De acordo com o governo, além de proteger os exportadores brasileiros, o plano tem o objetivo de preservar empregos, incentivar investimentos em setores estratégicos e assegurar a continuidade do desenvolvimento econômico do país.

A MP garante R$ 30 bilhões do Fundo Garantidor de Exportações (FGE) para crédito com taxas acessíveis, com ampliação das linhas de financiamento às exportações. Também prorroga a suspensão de tributos para empresas exportadoras; aumenta o percentual de restituição de tributos federais via Reintegra; e facilita a compra de gêneros alimentícios por órgãos públicos.

Medidas provisórias têm força de lei e são editadas pelo presidente da República em situações de relevância e urgência. As MPs têm efeitos jurídicos imediatos, mas precisam ser votadas pelas Casas do Congresso Nacional (Câmara e Senado) para se converterem definitivamente em leis ordinárias. 

O prazo inicial de vigência é de 60 dias e será prorrogado automaticamente por igual período, caso o texto não tenha sua votação concluída. Se a análise não for feita em 120 dias, a MP perde sua vigência. 

Ações

As medidas são destinadas a pessoas jurídicas de direito privado que exportam aos Estados Unidos bens que foram afetados pelas tarifas e que sejam registradas nos sistemas oficiais de comércio exterior. Também podem aderir as pessoas físicas que exportam bens em caráter empresarial ou profissional, devidamente registradas como exportadoras nos órgãos competentes, na categoria de empresas individuais, microempreendedores individuais (MEI) e produtores rurais com CNPJ.

Para ter acesso às ações de crédito e garantia previstas, é necessário estar em situação regular na Receita Federal e na Procuradoria-Geral da Fazenda Nacional (PGFN) quanto a tributos e contribuições federais. Não poderá se beneficiar das medidas quem estiver sob regime de recuperação judicial ou extrajudicial, falência ou liquidação, exceto se demonstrado plano de recuperação aprovado judicialmente.

Terão prioridade as empresas que tenham registrado, entre julho de 2024 e junho de 2025, no mínimo 5% do faturamento total proveniente de exportações de produtos impactados pelas tarifas adicionais dos Estados Unidos.

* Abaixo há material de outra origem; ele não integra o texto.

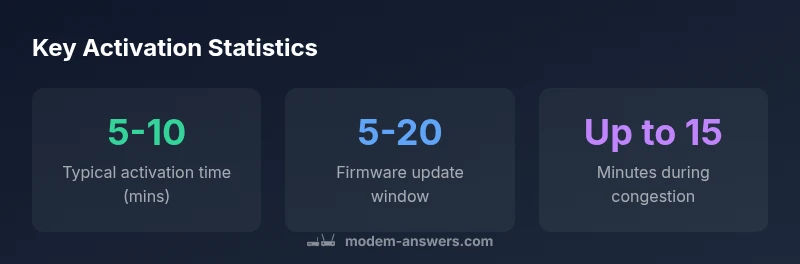 Firmware updates influence activation time because the modem may need to download and install updates during provisioning. In many cases this adds only a few minutes, but during busy update windows you could see 5–15 additional minutes. To minimize disruption, avoid initiating activation during known maintenance windows and ensure the modem remains powered and connected throughout the process. If an update is in progress, LED indicators will guide you; unplugging mid-update can corrupt the device. The Modem Answers Team emphasizes that such updates are common and typically do not invalidate a successful activation.

Aquelas empresas cujo percentual do faturamento bruto decorrente de exportações de produtos impactados seja igual ou superior a 20% do faturamento total apurado no mesmo período poderão acessar linhas de financiamento em condições mais favoráveis. No caso das garantias do Programa Emergencial de Acesso a Crédito (PEAC-FGI Solidário), apenas as empresas com faturamento bruto anual de até R$ 300 milhões no ano anterior à contratação (MPMEs) terão acesso.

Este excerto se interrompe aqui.